§ **Exercise aim**: Quote exactly, and only, the lines of the material below from the line with "- Sophisticated Design: This" through the line with "会议伊始,主讲人治安科科长崔".

§ **Source material**:
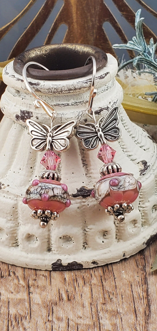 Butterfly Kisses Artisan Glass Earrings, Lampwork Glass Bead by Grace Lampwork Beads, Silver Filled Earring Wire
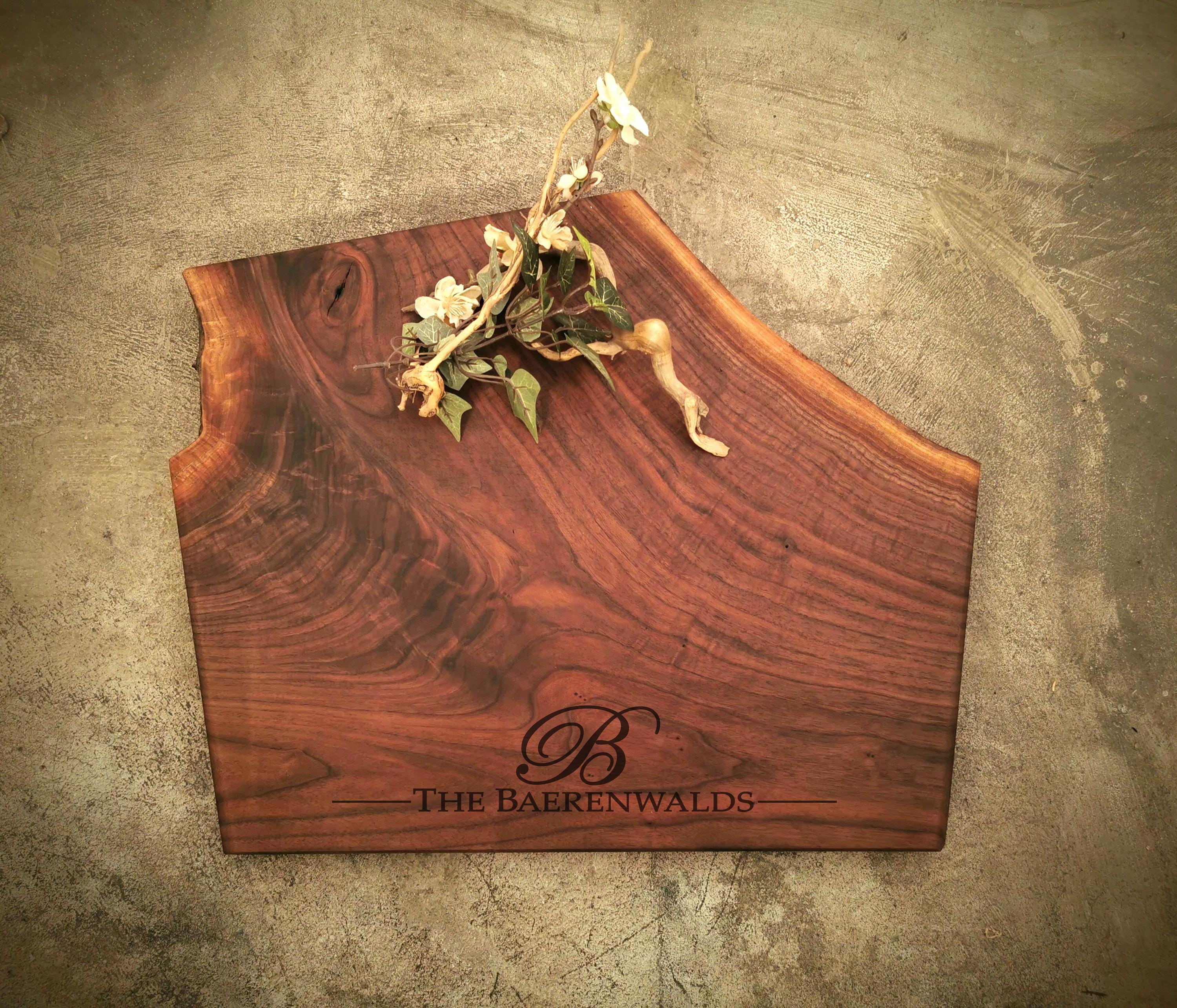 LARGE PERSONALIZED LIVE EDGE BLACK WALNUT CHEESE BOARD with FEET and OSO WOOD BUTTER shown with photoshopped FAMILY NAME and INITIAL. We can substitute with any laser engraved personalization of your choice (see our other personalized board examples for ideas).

--

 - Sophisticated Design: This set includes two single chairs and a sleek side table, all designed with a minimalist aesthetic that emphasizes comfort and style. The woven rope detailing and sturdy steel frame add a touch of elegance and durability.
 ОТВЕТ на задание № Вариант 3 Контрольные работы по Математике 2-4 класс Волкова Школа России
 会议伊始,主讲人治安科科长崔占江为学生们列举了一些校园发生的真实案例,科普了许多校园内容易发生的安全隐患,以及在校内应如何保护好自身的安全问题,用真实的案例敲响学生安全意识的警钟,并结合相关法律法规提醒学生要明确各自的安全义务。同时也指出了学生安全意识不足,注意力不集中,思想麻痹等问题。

--

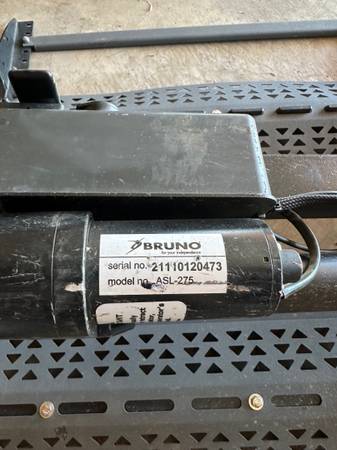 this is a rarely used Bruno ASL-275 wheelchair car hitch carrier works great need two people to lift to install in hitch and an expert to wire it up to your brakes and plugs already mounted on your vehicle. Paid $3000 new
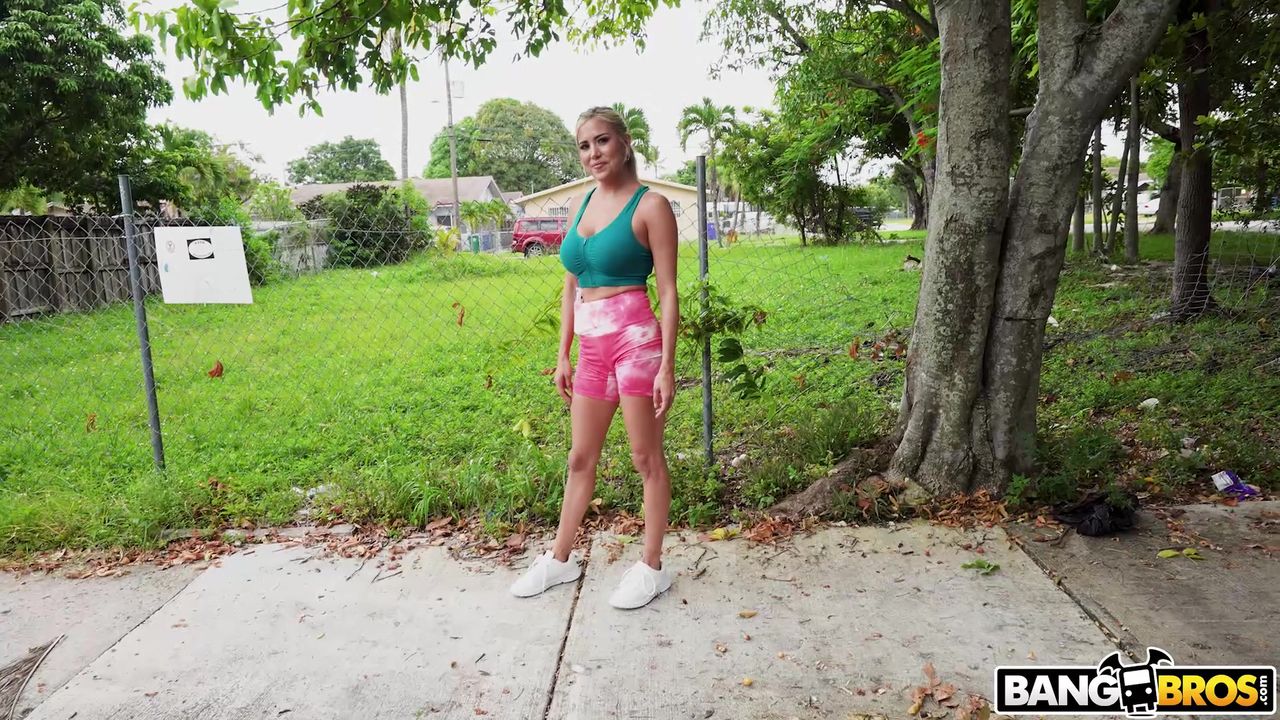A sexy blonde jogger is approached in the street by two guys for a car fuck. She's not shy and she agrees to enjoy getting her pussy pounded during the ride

§ **Your solution**:
 - Sophisticated Design: This set includes two single chairs and a sleek side table, all designed with a minimalist aesthetic that emphasizes comfort and style. The woven rope detailing and sturdy steel frame add a touch of elegance and durability.
 ОТВЕТ на задание № Вариант 3 Контрольные работы по Математике 2-4 класс Волкова Школа России
 会议伊始,主讲人治安科科长崔占江为学生们列举了一些校园发生的真实案例,科普了许多校园内容易发生的安全隐患,以及在校内应如何保护好自身的安全问题,用真实的案例敲响学生安全意识的警钟,并结合相关法律法规提醒学生要明确各自的安全义务。同时也指出了学生安全意识不足,注意力不集中,思想麻痹等问题。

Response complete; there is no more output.